プロローグ
「いったい、どういうことだ」
酒場の外、壁を挟んだ向こう側から聞こえてくる楽しい声とは対照的に、こちらを見つめてくる視線も問いかけられる声も、全てにどこか鋭さがあった。
「え、っと……」
目の前の人物と目を合わせていられなくて思わず逸らした視線の先には、普段とは違う男性用の服を着た腕。反対側も同じように壁に手をついて、逃がさないという意思を強く感じる。
今この場を誰かに見られたら、恋人同士の秘密の逢瀬に思われるのかもしれないけれど。実際には、そんなロマンチックな状況とは正反対で。
「答えろ。いったいどんな理由があって、俺の店の従業員が夜に酒場で働くような事態になるんだ」
「それは、その……」
どちらかといえば、今の私は追い詰められた獲物の気分。もしくは犯罪を問い詰められている、犯人の心境のようなものだった。

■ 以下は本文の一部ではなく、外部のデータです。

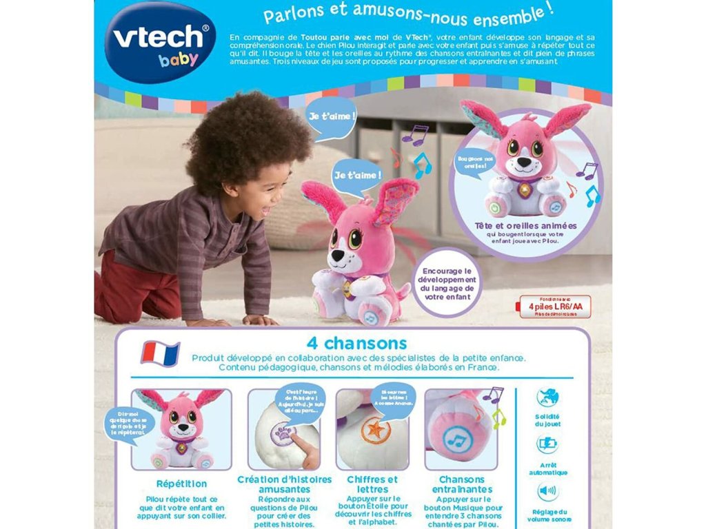 Pro naše děti chceme jen to nejlepší, a proto bychom Vám chtěli představit Plyšová hračka se zvukem Vtech Baby Doggie Talk to me (FR) pes , perfektní pro všechny, kteří hledají kvalitativně vysoce hodnotný produkt pro nejmenší. Nakupte Vtech Baby za ty nejlepší ceny!- Barva: Růžová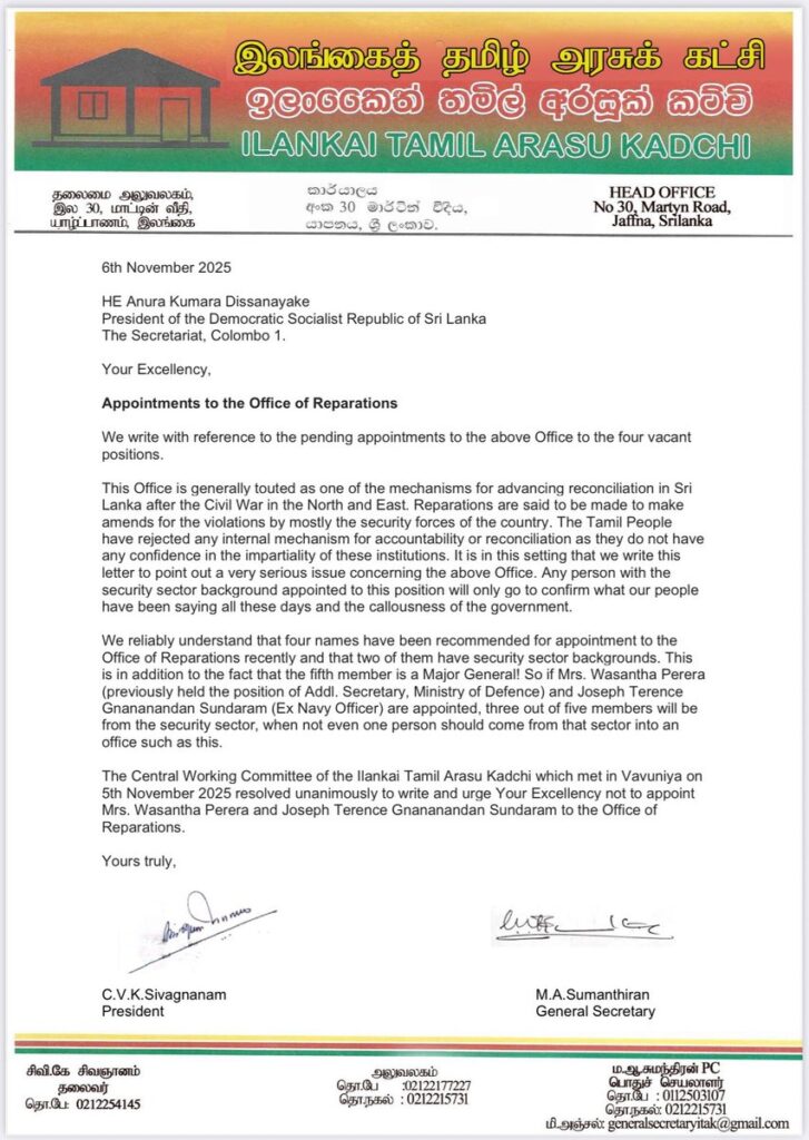 ‘X’ හි සටහනක දී පාර්ලිමේන්තු මන්ත්රී ශානකියන් පැවසුවේ, හිටපු හමුදා සහ ආරක්ෂක නිලධාරීන් වන්දි ගෙවීමේ කාර්යාලයට පත් කිරීමට එරෙහිව ඉලංකෙයි තමිල් අරසු පක්ෂය ජනාධිපති අනුර කුමාර දිසානායකට ලිපියක් යවා ඇති බවයි.

当然のことながら、私はそのどちらでもない。肉食の動物によく狩られているような、リスでもネズミでもウサギでもなく、そもそも人間なのだし。犯罪を犯した記憶だって、どこにもないのだから。
ただ、相手は男性でありながらとてつもない美人さんなので、どうしても強い視線を向けられると余計に凄みが増して、結果的に追い詰められている気分になってしまっているというだけなのだけれど。
(むしろ、どうしてこんなことになってるの!?)
普段、昼間の明るい光の中で見ている時とは少し違う色合いにも見える、不思議な瞳に見つめられながら。私は現実逃避のように、ここまでの出来事を思い返していた。